Materials and Methods - NANP
Methods and Materials
Query Sequence
Sequences of N-acetylneuraminic acid phosphatase from House Mouse (Mus musculus) were obtained from Genbank protein database, with Accession number of 2GFH_A.
Sequence Homology
The query sequence was matched to related (amino acid sequence similarity) proteins from Blast. This was done using a fixed database stored
within a DVD, instead of obtaining the query search from the actual BlastP database on the World Wide Web.
Multiple Sequence Alignment
Alignment was performed on all the related proteins (from the BlastP search), using ClustalX. Similarly, the ClutalX programme used for this
was obtained from the DVD, instead of the website.
Phylogenetic Tree
Phylip programme was used for the purpose of obtaining a phylogentic tree to determine the relationship of the proteins from individual
organisms. The various programmes used were again obtained from the DVD.Prodist (within Phylip) was used to calculate the distance matrix. The
calculation method selected was as using PAM-Dayhoff.Neighbor (also found within Phylip) was next used to form the phylogenetic tree, using the
distance matrix calculation obtained. The "Input order of species" option was set to "Random" when generating the tree, with a random odd
number also given.Treeview programme was used to view the final tree.
Bootstrapping
Seqboot (within Phylip) was used to replicate 100 samples of the sequence alignments.

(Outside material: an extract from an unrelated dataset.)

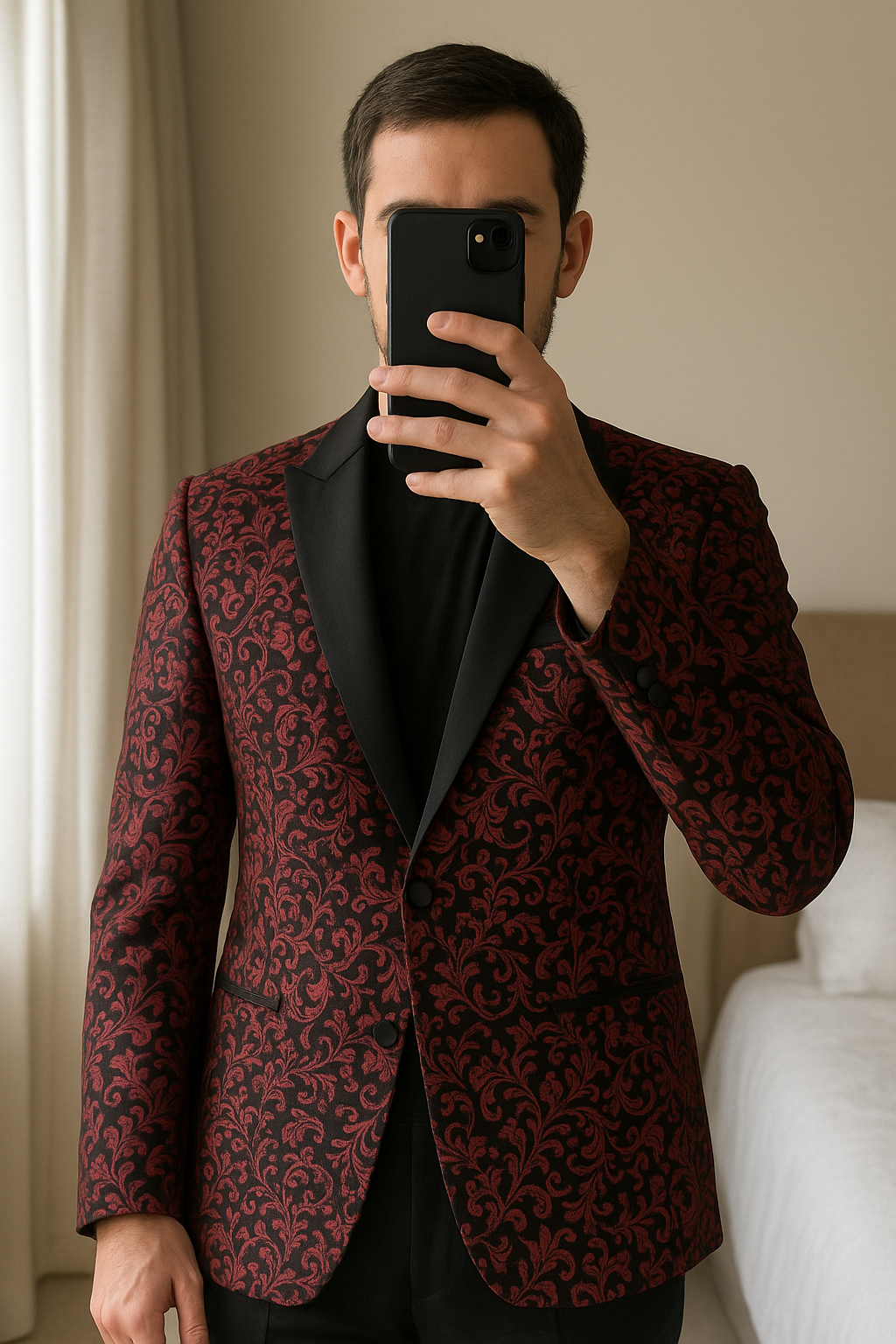 Veste de costume debout, face à la caméra, dans une chambre à la lumière douce, avec une lumière naturelle filtrant par la fenêtre.

The outfile (.aln) was then used in calculating the bootstrap distance matrices, using Prodist. The parameter setting for this calculation was
similar to the initial distance matrix calculation, using PAM-Dayhoff method. An added parameter was including multiple data sets, of 100
replicates.
This outfile (.dis) was run through Neighbor. The parameter settings were again similar to the previous generation of the earlier phylogenetic
tree. An added parameter, as was with the bootstrap distance matrix calculations, was the inclusion of multiple data sets of 100 replicates.
The treefile (.ph) was run through Consense (within Phylip) to obtain the final bootstrapped phylogenetic tree. Bootstrap branch values were
also obtained to determine the reliability of the tree branches.
Replacing organism identifiers on phylogenetic tree
An online World Wide Web programme — Kenegdo server, was used in converting organism identifiers from within the tree, to their species names.
Protein Folding
First DALI search was done to compare the 3D structure with those in the protein data bank. It revealed that Neu5Ac-9-P phosphatase is a
haloacid dehalogenase-like hydrolase. Searching the PDB was then done to source for the structures of biological macromolecules and their
relationships to sequence, function, and disease. CE which is a databases and tool for 3-D protein structure ccomparison and alignment was used
to compare the alignments between the query protein and its neigbhours.
Sequence Similarity
Interproscan was then used to analyze the newly determined sequences for annotation of predicted proteins from genome sequencing projects. In
order to further analyze the protein, Pfam which is a large collection of multiple sequence alignments and hidden Markov models is used to
analyze the protein in this case acetylneuraminic acid phosphatase to find Pfam family matches.
The aim of using the ProFunc server is to help identify the likely biochemical function of a protein from its three-dimensional structure. It
uses a series of methods, including fold matching, residue conservation, surface cleft analysis, and functional 3D templates, to identify both
the protein’s likely active site and possible homologues in the PDB.
Surface Properties
RasMol which is a molecular graphics program was used for the visualisation of proteins, nucleic acids and small molecules while PyMOL, a
molecular graphics system with an embedded Python interpreter designed for real-time visualization and rapid generation of high-quality
molecular graphics images and animations was performed to assist you in the research.